The presence of such a glacier suggests there may have been surface water ice on Mars more recently than previously thought, which has implications on both our understanding of the Red Planet’s habitability and future exploration missions.
“This region of Mars has a history of volcanic activity. And where some of the volcanic materials came in contact with glacier ice, chemical reactions would have taken place at the boundary between the two to form a hardened layer of sulfate salts,” Sourabh Shubham, co-author of the study and graduate student at the University of Maryland’s Department of Geology, said in the statement. “This is the most likely explanation for the hydrated and hydroxylated sulfates we observe in this light-toned deposit.”
The LTDs observed are made up of sulfate salts that form when freshly erupted pyroclastic materials — volcanic ash, pumice and hot lava — come in contact with water ice. As these deposits build up, they form a hardened, crusty salt layer. Over time, erosion would have exposed the salt deposits, along with crevasses and moraine bands, which are unique to glaciers.

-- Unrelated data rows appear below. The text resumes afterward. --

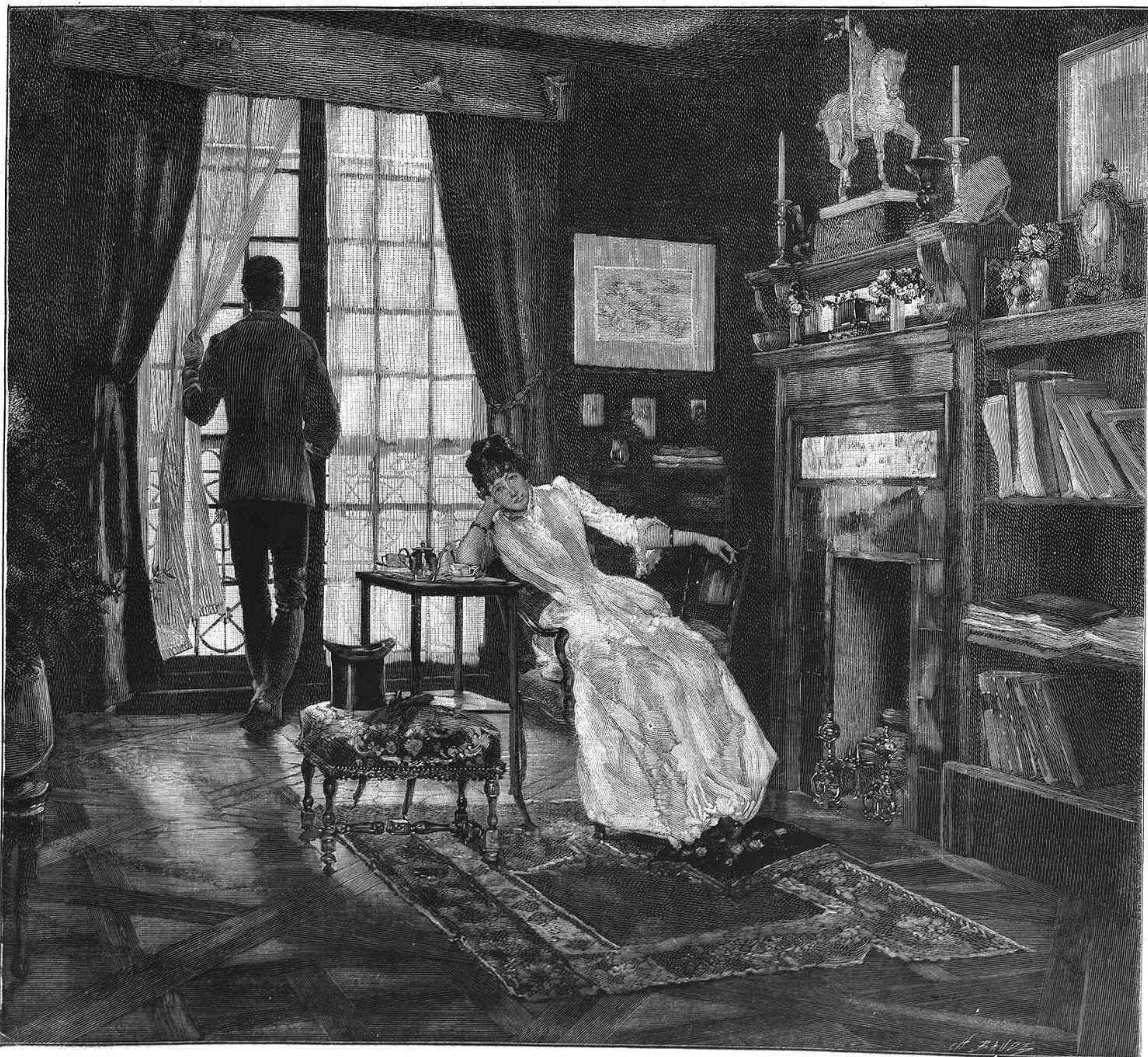
NUBLADO, cuadro de Roger-Jourdain

Después de franquear el último arroyo penetramos en una extensa pradera, donde resuenan detonaciones á intervalos iguales: estamos en el polígono del sultán, que siempre se entretiene en tirar al blanco por la tarde. Su palacio, inmensa construcción rústica de cañas y de nipa,
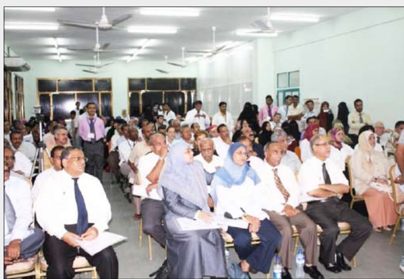
■ جانب من المشاركين في المؤتمر
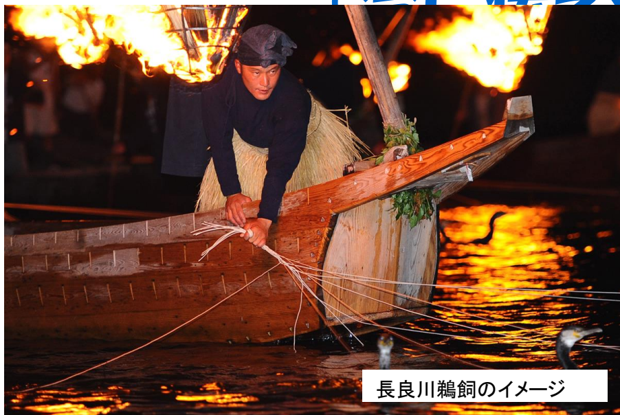
長良川鵜飼のイメージ
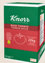
Base Tomato 10 kg 8720182185938
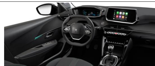
Stoff COZY Kunstleder
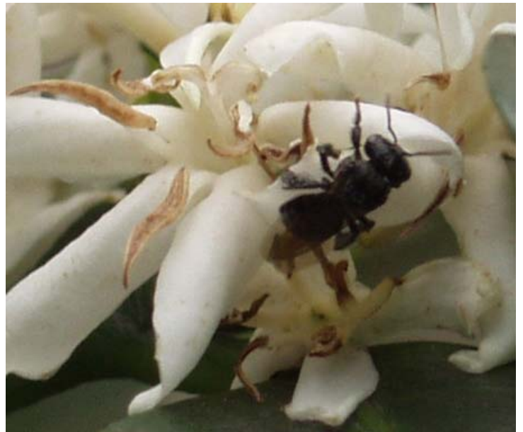
Abeja nativa social
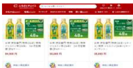
(ふるさとチョイス)

市役所地下1階にてふるさと納税返礼品の取扱い、また、切手の販売、職員の福利厚生に関する業務を行い、収益金を福祉事業に活用し自主財源の確保を行います。
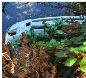
EL VALLE CON EL LLANO. AV. GABRIELA MISTRAL.
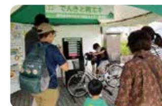
▲自分で電気をつくってみる 体験コーナーなど盛りだくさん

各ブースを回って出される3択クイズを楽しむクイズラリーは今年も人気で「環境について楽しく学べた」という声をたくさんいただきました。ほかにも、「丁寧に説明してもらってわかった」「エコしようと思う」など、環境について考えるきっかけになったようです。ご来場くださった皆様、ありがとうございました！
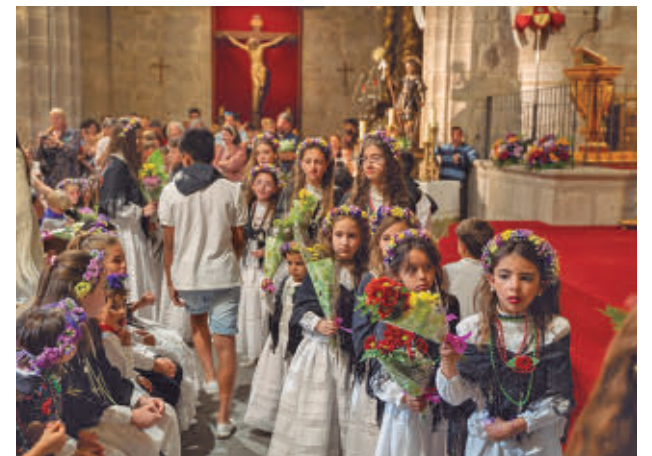
Ofrenda floral en la Basílica de Colmenar
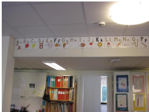
11. Alfabetet med bilder sitter högt upp på väggen i rum.
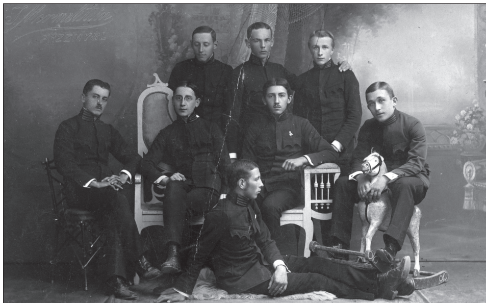
Fot. 10. Fotografia grupy młodych mężczyzn (maturzystów?) w mundurach gimnazjalnych (fotografia ze zbioru archiwum rodzinnego Przybosiów i Mikoszków; AP Rzeszów).
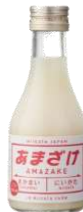
「新潟しゅぽっぼ あまざけ」イメージ
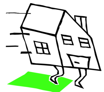
Table itinérance de Sherbrooke
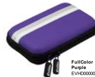
FullColor Purple EVHD000009
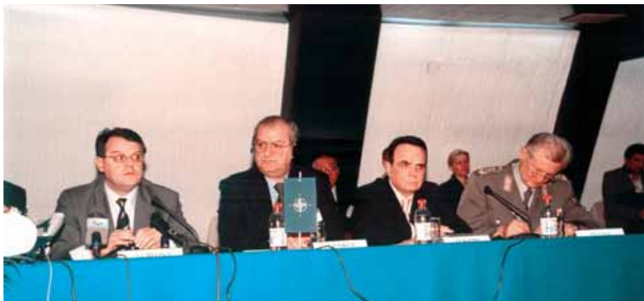
Конференција „СЦГ – пут прикључења евроатлантским интеграцијама“ (мај 2003.) Conference: “SM – the road to joining Euro-Atlantic integrations” (May 2003)

The participants of the conference were representatives of Euro-Atlantic organizations from NATO member countries, the region of South-East Europe, NATO representatives, as well as official state representatives of Serbia and Montenegro. Apart from that, the conference was also attended by the representatives of the diplomatic and military-diplomatic core from the NATO and Partnership for Peace member

“Glaciers often present distinctive types of features, including marginal, splaying, and tic-tac-toe crevasse fields, and also thrust moraine bands and foliation,” John Schutt, co-author of the study and a geologist at the Mars Institute, said in the statement. “We are seeing analogous features in this light-toned deposit, in form, location, and scale. It’s very intriguing.”
Previous research has found glacial activity near Mars’ equator in the more distant past, whereas more recent glacial activity has only been seen at higher latitudes until now. The recent HiRISE observations suggest that these low latitude LTDs are geologically young, according to the statement.
“A relatively young relict glacier in this location tells us that Mars experienced surface ice in recent times, even near the equator, which is new,” Lee said in the statement.
Although water ice is not stable at the surface of Mars near the equator at these elevations, it is possible that some of the glacier’s water ice may be preserved beneath the sulfate salts. Further research is needed to confirm, but if water ice is in fact present at this equatorial region, there’s the possibility it could be extracted as a resource for future missions.
“The desire to land humans at a location where they might be able to extract water ice from the ground has been pushing mission planners to consider higher latitude sites. But the latter environments are typically colder and more challenging for humans and robots. If there were equatorial locations where ice might be found at shallow depth, then we’d have the best of both environments: warmer conditions for human exploration and still access to ice,” Lee said in the statement. “We now have to determine if, and how much, water ice might actually be present in this relict glacier, and whether other light-toned deposits might also have, or have had, ice-rich substrates.”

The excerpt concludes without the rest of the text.